In his official report, Major-General Stevenson says:
The entire train of the army, under the judicious management of Col. A. W. Reynolds, commanding Tennessee Brigade, of Stevenson's division, was crossed without loss, though the movements of the enemy compelled Colonel Reynolds' brigade to cross the Big Black above the railroad bridge.
On reaching the line of intrenchments occupied by Brigadier-General Vaughn's brigade of East Tennesseeans (Smith's division), he was instructed by myself in person to man the trenches from the railroad to the left, his artillery to remain as then posted, and all wagons to cross the river at once Special instructions were left with Lieut. J. H. Morrison, aide-de-camp, to be delivered to Generals Loring, Stevenson, and Bowen, as they should arrive, and were delivered to all except General Loring, as follows:
General Loring's to cross and occupy the west bank. Brigadier-General Bowen's division, as it should arrive, was directed to occupy the trenches to the right and left of Vaughn's, and his artillery to be parked, that it might be available for any point of the lines most threatened.
General Stevenson's division, arriving very late in the night, did not move beyond Bovina, and I awaited in vain intelligence of the approach of General Loring. It was necessary to hold the position to enable him to cross the river, should the enemy, which was probable, follow him closely up.

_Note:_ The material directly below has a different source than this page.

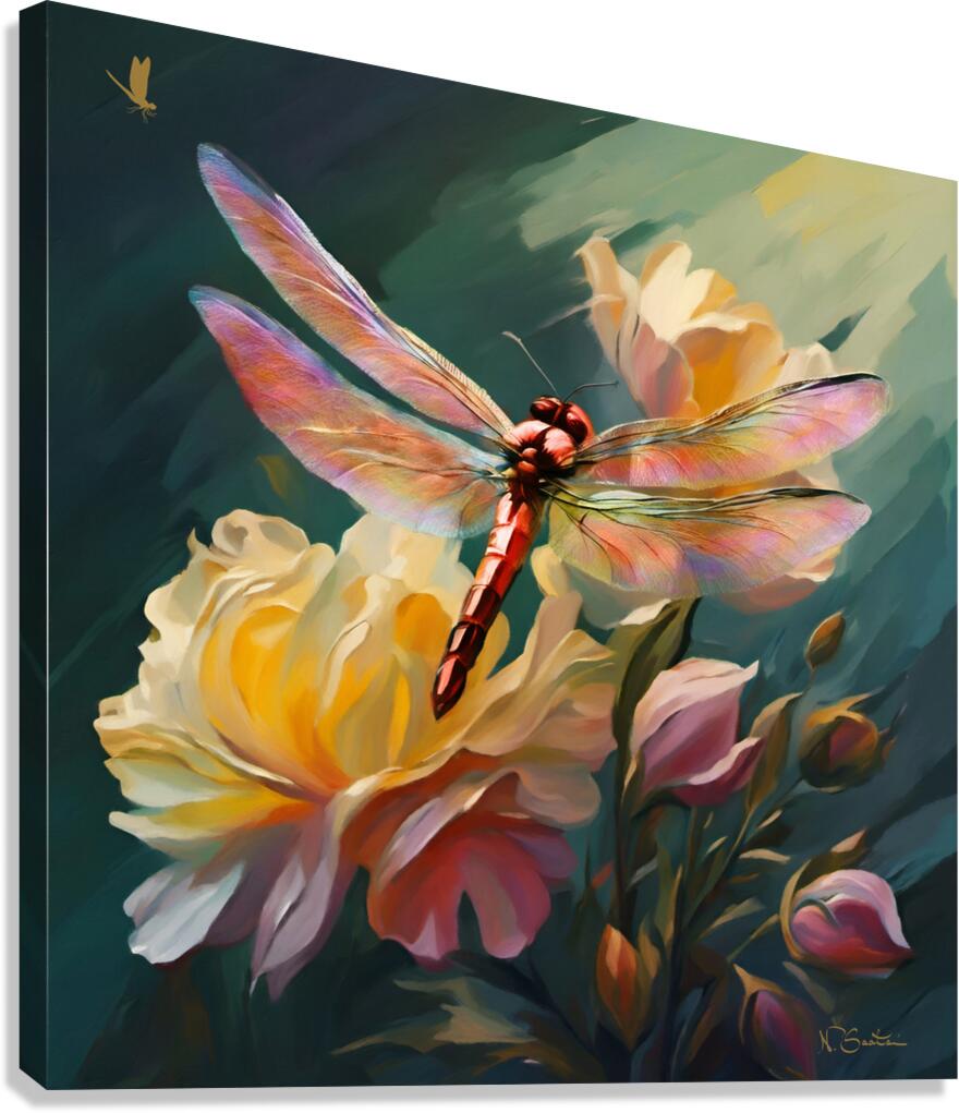 Get this artwork "Dragonfly and Roses wall art by Nazan Saatci Art" in a framed print.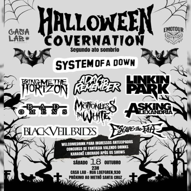 Ajude o site a se manter comprando através dos links patrocinados Camiseta Linkin Park Disponível na Camiseta Feminina Linkin Park Numb Disponível na Camiseta Dio Holy Diver Disponível na Camiseta Angra Angels Cry Disponível na Camiseta Iron Maiden Fear of The Dark Disponível na Camiseta Slayer Skullgram Disponível na Camiseta Anthrax Fistful Disponível na Camiseta System Of A Down Disponível na Camiseta Clássica Ramones Disponível na Camiseta Iron Maiden Killers Disponível na Camiseta Metallica Black Album Disponível na Camiseta Bathory Disponível na Camiseta Camiseta Megadeth Countdown To Extinction Disponível na Consulado do Rock, Camiseta Gojira From Mars To Sirius Preto Consulado OF0255 Disponível na Camiseta Nervosa Jailbreak Disponível na Camiseta Camiseta AC/DC Back In Black Disponível na Camiseta Angra Holy Land Disponível na Camiseta Engraçada Death Metal Arco Iris Banda De Rock Disponível na Camiseta Black Sabbath Us Tour 78 Disponível na Camiseta Camiseta Judas Priest Painkiller Disponível na It starts with one - Edição com brindes: A lenda e o legado do Linkin Park Disponível na O Livro dos Mortos do Rock: Revelações sobre a vida e a morte de sete lendas do Rock'n'Roll Disponível na Camiseta Nervosa Perpetual Chaos Disponível no Camiseta Ratos de Porão - 1981 Disponível no Camiseta Sepultura - Turnê de despedida Disponível no Camiseta Clássica Red Hot Chilli Peppers Disponível no Camiseta Matanza Odiosa Natureza Humana Disponível no Camiseta Crypta Disponível no Camiseta Bon Jovi - Greatest Hits Disponível no Camiseta Krisiun Necronomical Disponível no Halloween Covernation - Segundo Ato Sombrio @ São Paulo - SP      » Não perca outros eventos acontecendo em: Sao Paulo - SP Data: 18 Oct 2025 Endereço: Casa Lab - By Clube do Ingresso, Rua Loefgren 930, Vila Mariana, São Paulo, SP Ingressos: Clube do Ingresso Bandas: System of a Down Linkin Park Motionless in White Black Veil Brides Ajude o site a se manter comprando através dos links patrocinados Livro - In The End: A História de Chester Bennington Disponível na Chapéu Bucket Hat Linkin Park Disponível na Caneca Linkin Park Logo Disponível na Livro Death By Metal: A História de Chuck Schuldiner Disponível na Tênis Cano Alto Slipknot Disponível no Livro Lords of Chaos Disponível na Helloween. A História Completa Disponível na Autobiografia Lemmy Kilmister - A febre da linha branca Disponível na Livro Black Metal: A História Completa - Volume 1 Disponível na AC/DC: Álbum por Álbum Disponível na Livro Contos do rock: Histórias dos bastidores do rock brasileiro Disponível na Chaveiros emborrachados de bandas Disponível no Down with the System: Um livro de memórias (ou algo assim) Disponível na Rainbow in the Dark. A Autobiografia Disponível na Livro O Reino Sangrento do Slayer Disponível na Livro A História não Contada do Motörhead Disponível na Livro Black Metal: A História Completa - Volume 2 Disponível na Livro Mate-me por Favor: a História sem Censura do Punk Disponível na Braceletes Duplos de Couro Preto c/ 4 Fivela Ajustável Disponível no Livro Iron Maiden: Álbum por Álbum Disponível na Livro Led Zeppelin: A Biografia Disponível na

For this purpose alone I continued the troops in position until it was too late to withdraw them under cover of night. I then determined not to abandon so strong a front while there was yet a hope of his arrival.
I have not up to this time received General Loring's report of the share taken by his division in the battle of Baker's Creek, nor have I yet been informed of the reason why he failed to rejoin the army under my command.